Dial Tone

B+

  • Dial Tone Andrea Ball cover art
  • Andrea Ball
  • Dial Tone
  • Self-released

For all the light, airy images that grace the Andrea Ball brand—her MySpace, her Facebook, and the cover of her new album, Dial Tone—a dark determination runs through her songs. Ball’s latest is heavy on minor-key piano from the get-go, and that fierce gloominess rarely lets the sun break through.

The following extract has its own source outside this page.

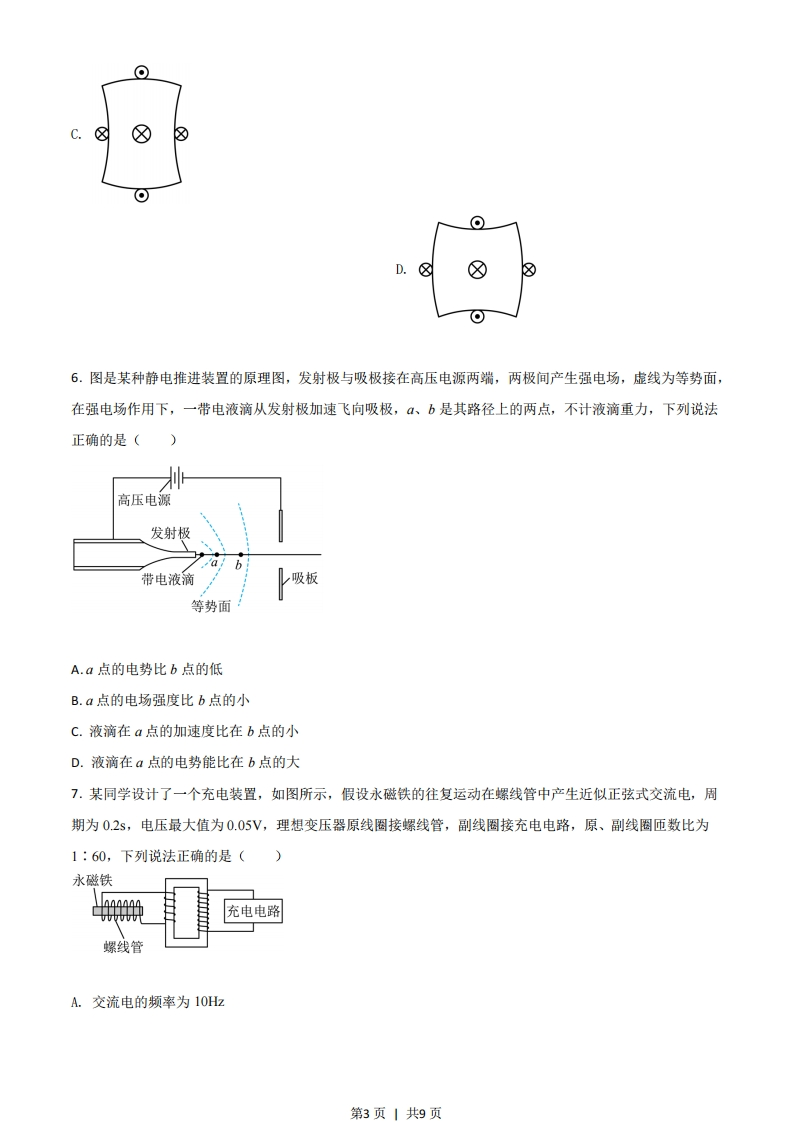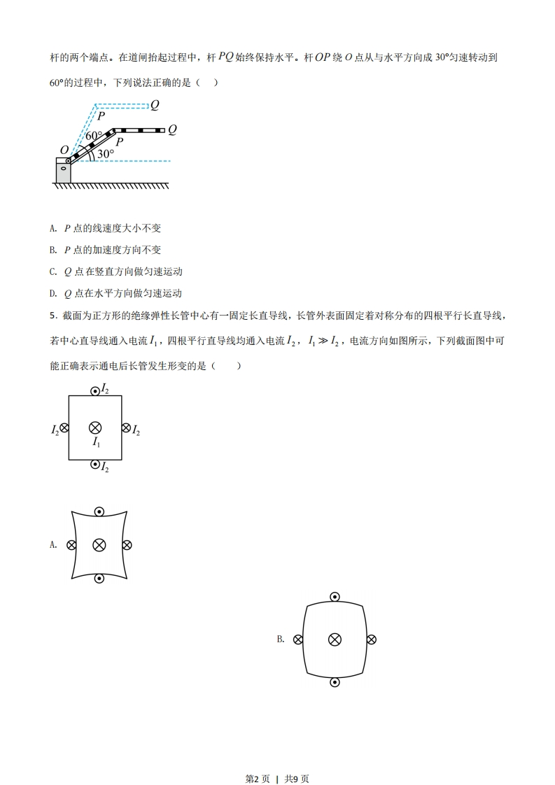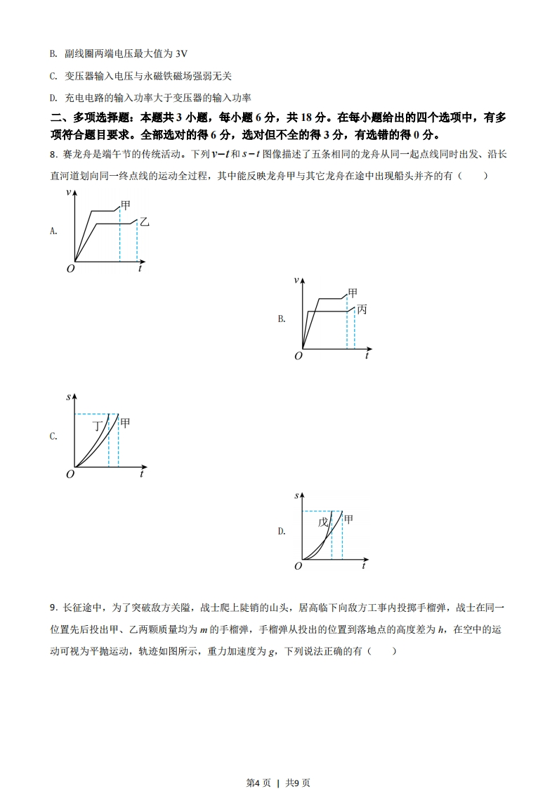 2021年广东省普通高中学业水平选择性考试物理一、单项选释题:本题共7小题,每小题4分,共28分。在每小题给出的四个选项中,只有一项是符合题目要求的。1.科学家发现银河系中存在大量的放射性同位素铝26,铝26的半衰期为72万年,其衰变方程为AI→沿Mg+Y,下列说法正确的是()A.Y是氨核B.Y是质子C.再经过72万年,现有的铝26衰变一半D.再经过144万年,现有的铝26全部衰变2.2021年4月,我国自主研发的空间站“天和”核心舱成功发射并入轨运行,若核心舱绕地球的运行可视为匀速圆周运动,己知引力常量,由下列物理量能计算出地球质量的是()A.核心舱的质量和绕地半径B.核心舱的质量和绕地周期C.核心舱的绕地角速度和绕地周期D.核心舱的绕地线速度和绕地半径3.唐代《耒耜经》记载了曲辕犁相对直辕犁的优势之一是起土省力,设牛用大小相等的拉力F通过耕索分别拉两种犁,F与竖直方向的夹角分别为α和B,α

The brooding title track finds the singer-songwriter chanting, “put on your parachute-chute-chute-chute,” a distant and dour lyrical cousin to that famous line about an “umbrella-ella-ella-ella.” Tick-tocking claps and crunchy, tense guitar break into the spooky “Dismantled,” with terse piano and pulsing bass suggesting an unexpected lean toward epic post-rock. “Glass Wall” has all the warmth and mystery of a live jazz recording, and offers the closest thing to a ballad on the album.

“Courage” is Dial Tone’s best song, with hyperactive hi-hats clicking away into glitchy static and pizzicato strings that evoke images of a wintry movie set. “Courage, where have you gone?” Ball’s husky voice pleads over tricky handclaps and booming, right-next-to-you drums. Ball is keenly self-aware without being narcissistic, and the result is charming—her voice and her delicate piano work evoke British songwriter Carina Round or a less depressed Emily Haines.

The album has its share of cringe-worthy moments, too, but they happen mostly when Ball steps away. (Dan Craig’s cheesy backup vocals on “Bright Side” don’t accomplish much.) Her musical persona, when upfront, commands rapt attention—there’s a distinct desperation in her voice, sweet but occasionally ragged and baring fangs. On “Blind,” amid a ghostly musical saw and shy strings, Ball sings forlornly, “You were indispensable, and I had tired eyes.” The definite darkness that permeates Dial Tone is never oppressive—like a drizzly day that never leads to a downpour.